§ WHAT IS NEEDED:
Print the lines that run from the line with "Так, снова был" to the line with "跨境爆款穿戴甲法式白边美甲贴片腮红甲立体花朵假指甲片可拆卸", keeping both end lines, exactly as they appear in the entries below, and nothing else.

§ GIVEN INFORMATION:
○ ○ ○ ○ ○
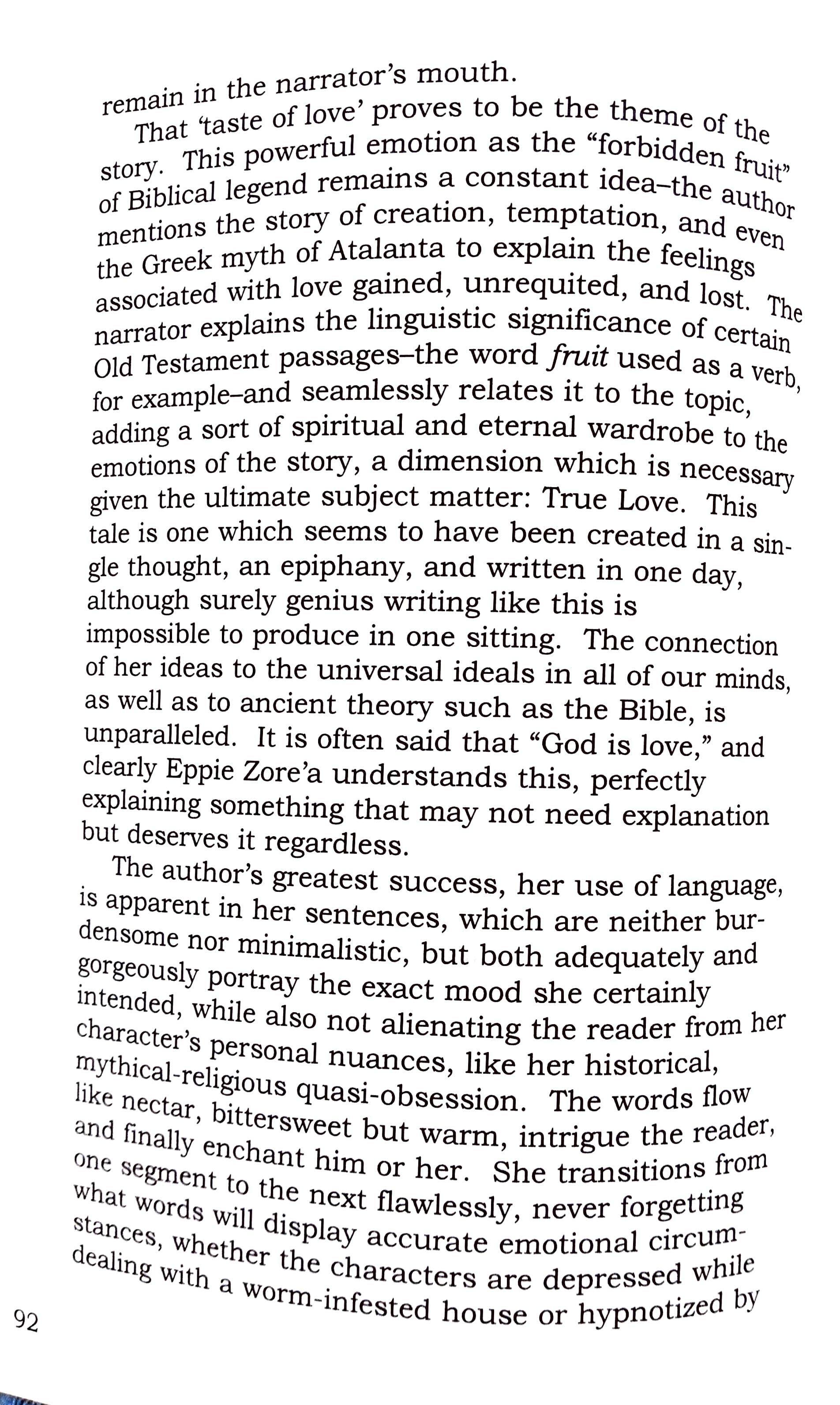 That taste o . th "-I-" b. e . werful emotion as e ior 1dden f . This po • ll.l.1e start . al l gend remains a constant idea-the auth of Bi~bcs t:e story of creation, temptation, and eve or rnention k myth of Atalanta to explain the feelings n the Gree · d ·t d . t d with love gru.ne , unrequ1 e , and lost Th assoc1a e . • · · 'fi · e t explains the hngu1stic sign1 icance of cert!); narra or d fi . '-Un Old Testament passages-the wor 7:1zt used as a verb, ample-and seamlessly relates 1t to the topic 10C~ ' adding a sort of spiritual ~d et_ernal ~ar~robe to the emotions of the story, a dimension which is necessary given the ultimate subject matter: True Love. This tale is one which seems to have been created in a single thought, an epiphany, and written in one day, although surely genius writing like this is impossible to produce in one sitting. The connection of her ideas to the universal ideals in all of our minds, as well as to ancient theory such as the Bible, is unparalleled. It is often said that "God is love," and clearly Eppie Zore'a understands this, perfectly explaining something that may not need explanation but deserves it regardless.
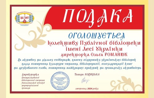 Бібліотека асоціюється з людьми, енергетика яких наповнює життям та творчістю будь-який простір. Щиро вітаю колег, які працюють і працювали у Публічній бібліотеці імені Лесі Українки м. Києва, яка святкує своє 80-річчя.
○ ○ ○ ○ ○
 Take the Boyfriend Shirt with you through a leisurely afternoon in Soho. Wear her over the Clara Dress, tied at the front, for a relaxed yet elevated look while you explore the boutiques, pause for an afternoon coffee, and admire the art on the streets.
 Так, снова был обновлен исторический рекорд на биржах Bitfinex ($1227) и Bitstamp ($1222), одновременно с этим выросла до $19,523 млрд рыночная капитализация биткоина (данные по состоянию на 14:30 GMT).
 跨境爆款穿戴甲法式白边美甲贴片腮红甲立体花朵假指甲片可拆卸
○ ○ ○ ○ ○
§ RESULT BELOW:
 Так, снова был обновлен исторический рекорд на биржах Bitfinex ($1227) и Bitstamp ($1222), одновременно с этим выросла до $19,523 млрд рыночная капитализация биткоина (данные по состоянию на 14:30 GMT).
 跨境爆款穿戴甲法式白边美甲贴片腮红甲立体花朵假指甲片可拆卸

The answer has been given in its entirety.